-- Your goal --
Once the line with "- DM009『クジラの歯で作ったキーホルダー』鹿革こげ茶" is found, write it out along with every line after it, exactly, up to the last line of the entries below. Exclude pictures.

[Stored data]
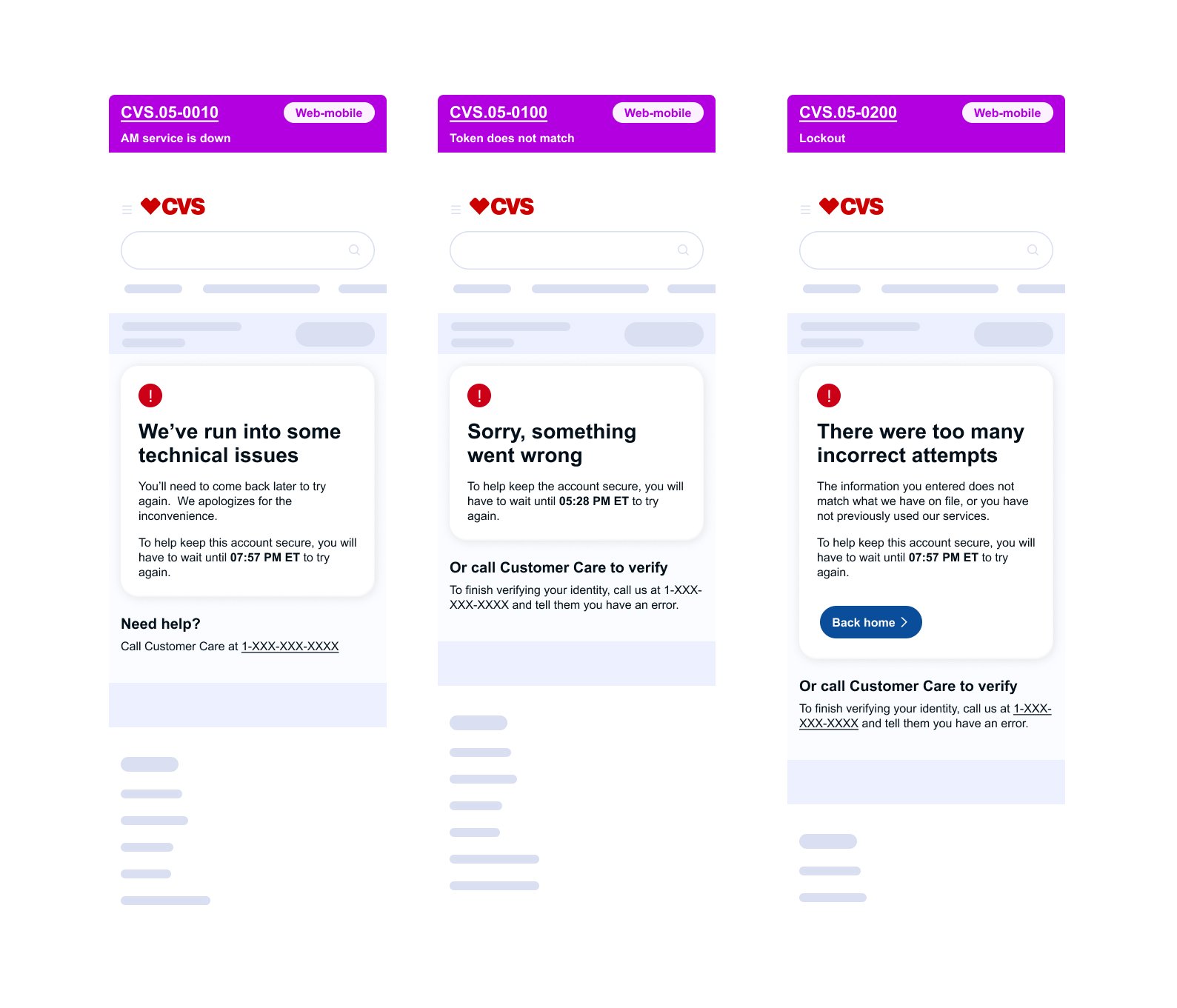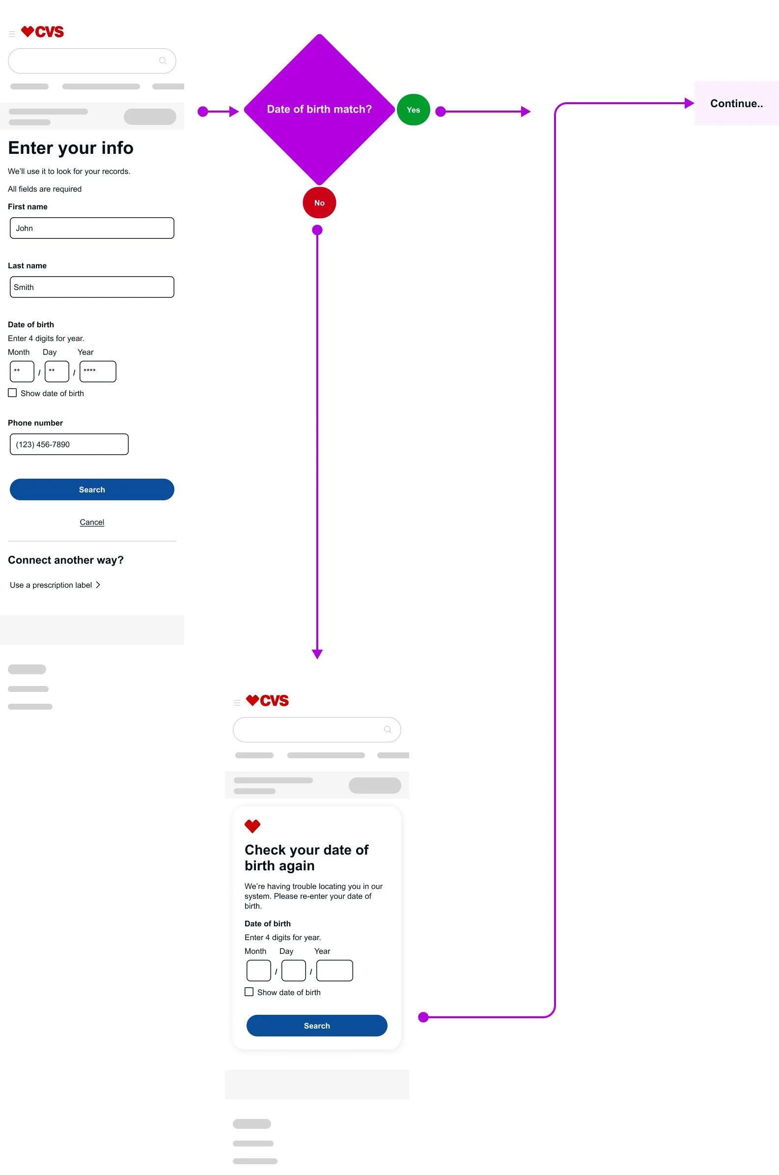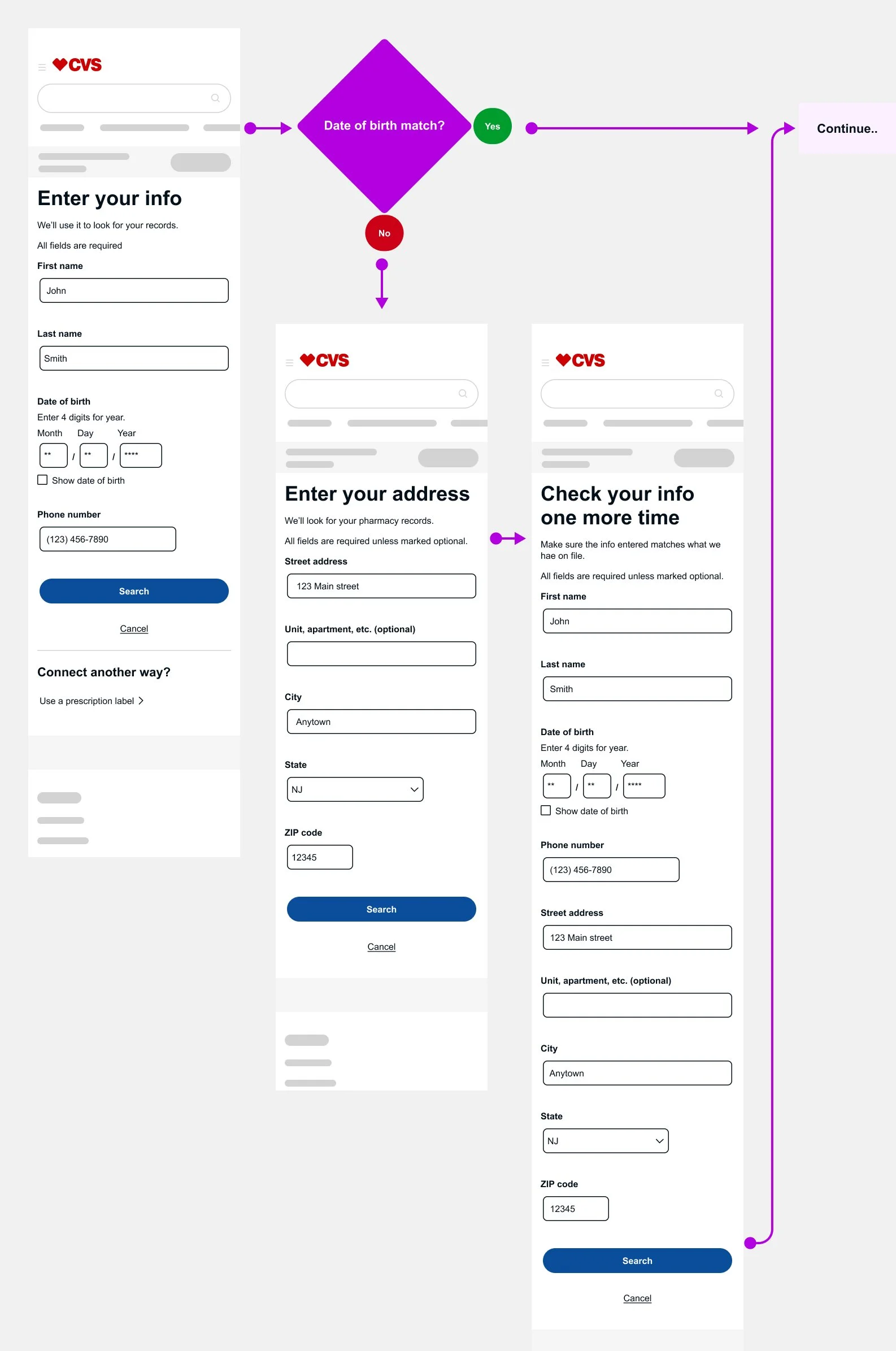 I aligned experiences across three engineering teams supporting CVS Health, Caremark, and CVS Specialty to ensure consistency across platforms. This work directly supported the One App initiative by establishing shared patterns and behaviors regardless of entry point.
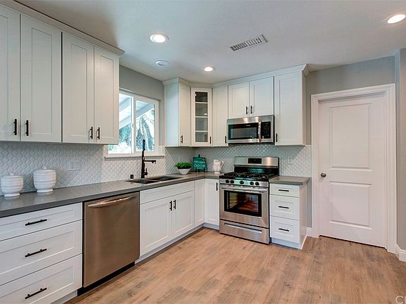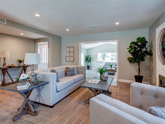 Highly upgraded and professionally designed modern single level four bedroom two bath home with a brick courtyard entrance. This home has just gone through a complete remodel. Upgraded flooring, upgraded baseboards, new dual pane windows, new dual pane sliders and recessed lighting throughout the home. The kitchens offers stainless steel appliances, upgraded stone counter tops, custom back splash, view of the backyard and brand new custom cabinets. Highly desired open concept layout where the living room is open to the dining area which is open to the kitchen. Large family room off the the living room. Ample natural light flows through out the home. Master bedroom offers a highly upgraded en suite with modern touches. The backyard has a covered patio perfect for entertaining and a grass area. Nearby is dining, entertainment, shopping this house is a must see. Don't miss the two car garage and check out the virtual tour.
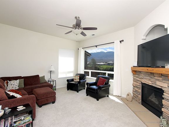 Breath Taking Views! Located on the 12th tee this 2417sf home has it all! Fully landscaped front and back with a large paver patio area to enjoy the stunning mountain, valley and golf course views. The spacious 2417sf home has a large master on one side of the home and the other 2 bedrooms and bath on the opposite side, , den, family room with gas fireplace, large formal dining and living area.The Kitchen is open to the great room and has hard wood floor, granite counters, breakfast bar, breakfast nook,
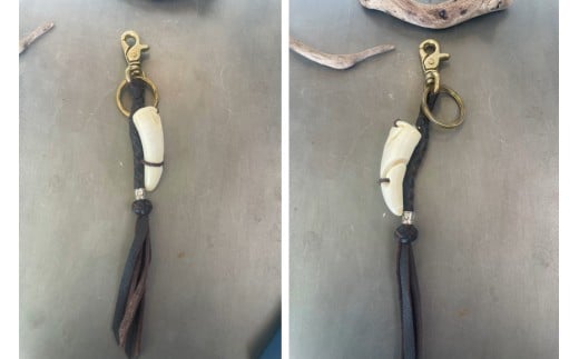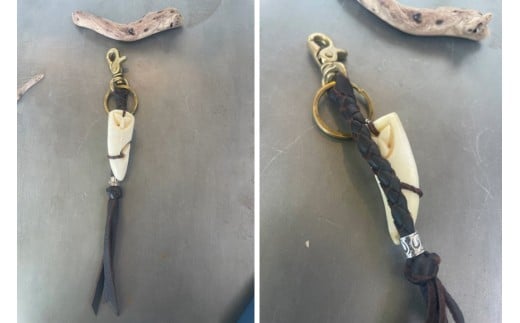 - DM009『クジラの歯で作ったキーホルダー』鹿革こげ茶
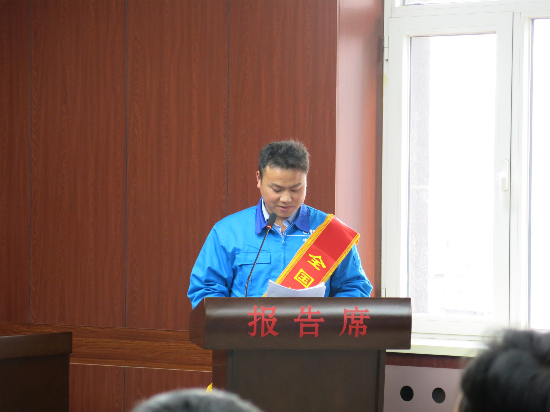 (轨道交通信号工第一名马庆作为获奖选手代表发言)

-- Answer box --
 - DM009『クジラの歯で作ったキーホルダー』鹿革こげ茶
 (轨道交通信号工第一名马庆作为获奖选手代表发言)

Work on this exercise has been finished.